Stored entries
★ ★ ★ ★
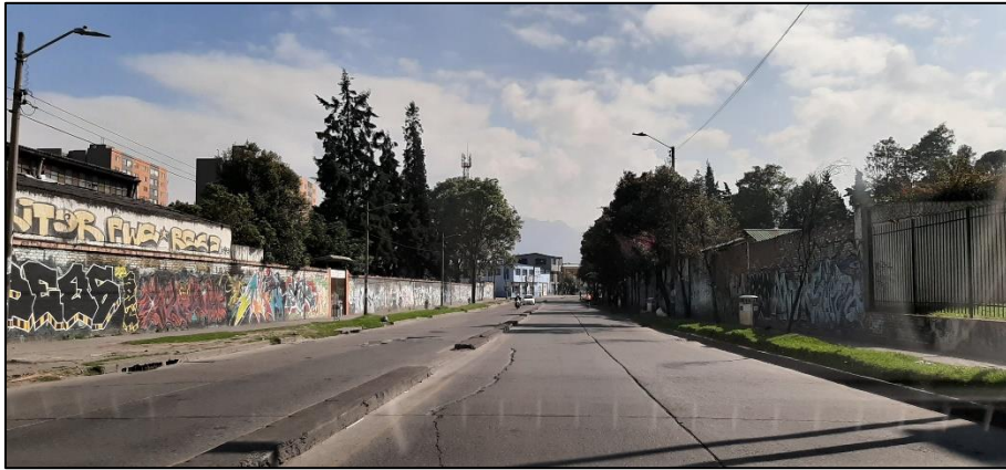
Figura 3-4. Av. Mariscal Sucre a la altura de la Calle 29 Sur.
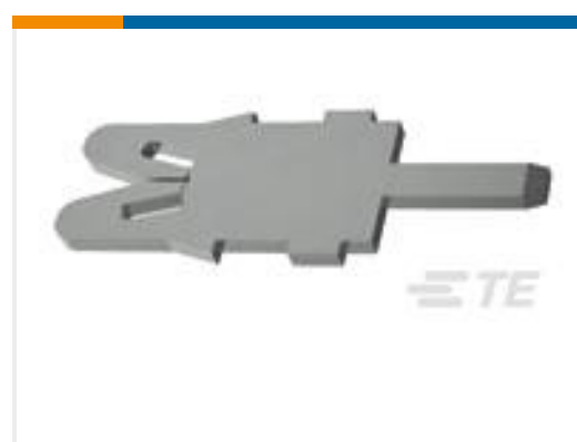
TE 产品编号1601128-4 TAB,PCB,FINE,SMZ
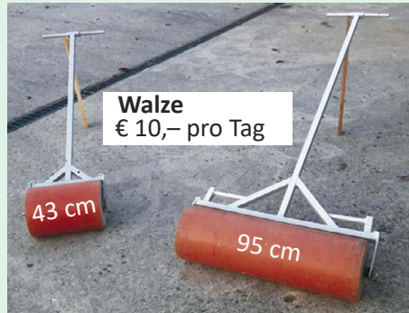
Walze € 10,- pro Tag
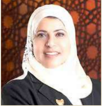
الرئيس التنفيذي لهيئة الجودة

بمشاركة 48 أكاديميا ودبلوماسيا وتاجرا واقتصاديا وقياديا بجمعيات أهلية
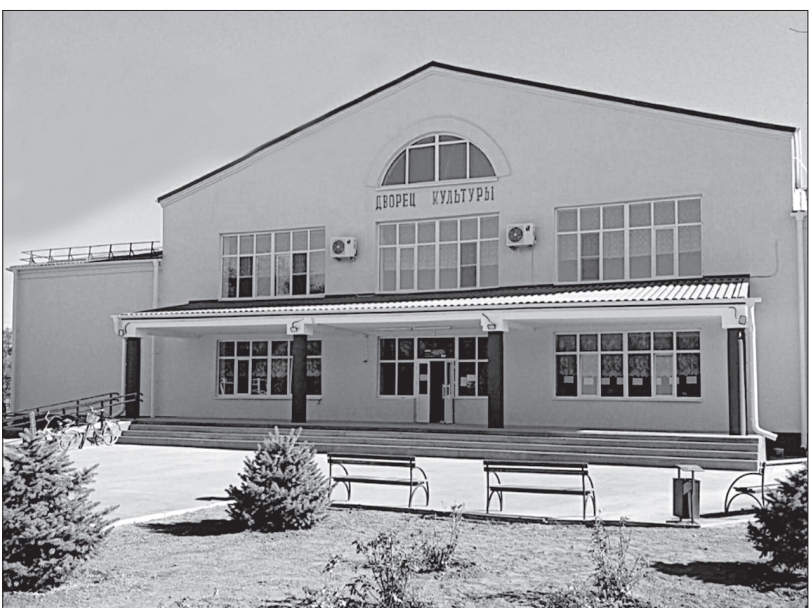
Дом культуры села Алексеевского в Изобильненском округе после ремонта.
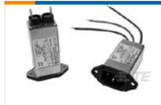
TE 产品编号2-6609006-9 10EJT8=F8144
★ ★ ★ ★
What you should do
Print, without pictures, exactly the lines from the one containing "TE 产品编号1601128-4 TAB,PCB,FINE,SMZ" through the final line of the records above.

Result of the exercise
TE 产品编号1601128-4 TAB,PCB,FINE,SMZ
Walze € 10,- pro Tag
الرئيس التنفيذي لهيئة الجودة

بمشاركة 48 أكاديميا ودبلوماسيا وتاجرا واقتصاديا وقياديا بجمعيات أهلية
Дом культуры села Алексеевского в Изобильненском округе после ремонта.
TE 产品编号2-6609006-9 10EJT8=F8144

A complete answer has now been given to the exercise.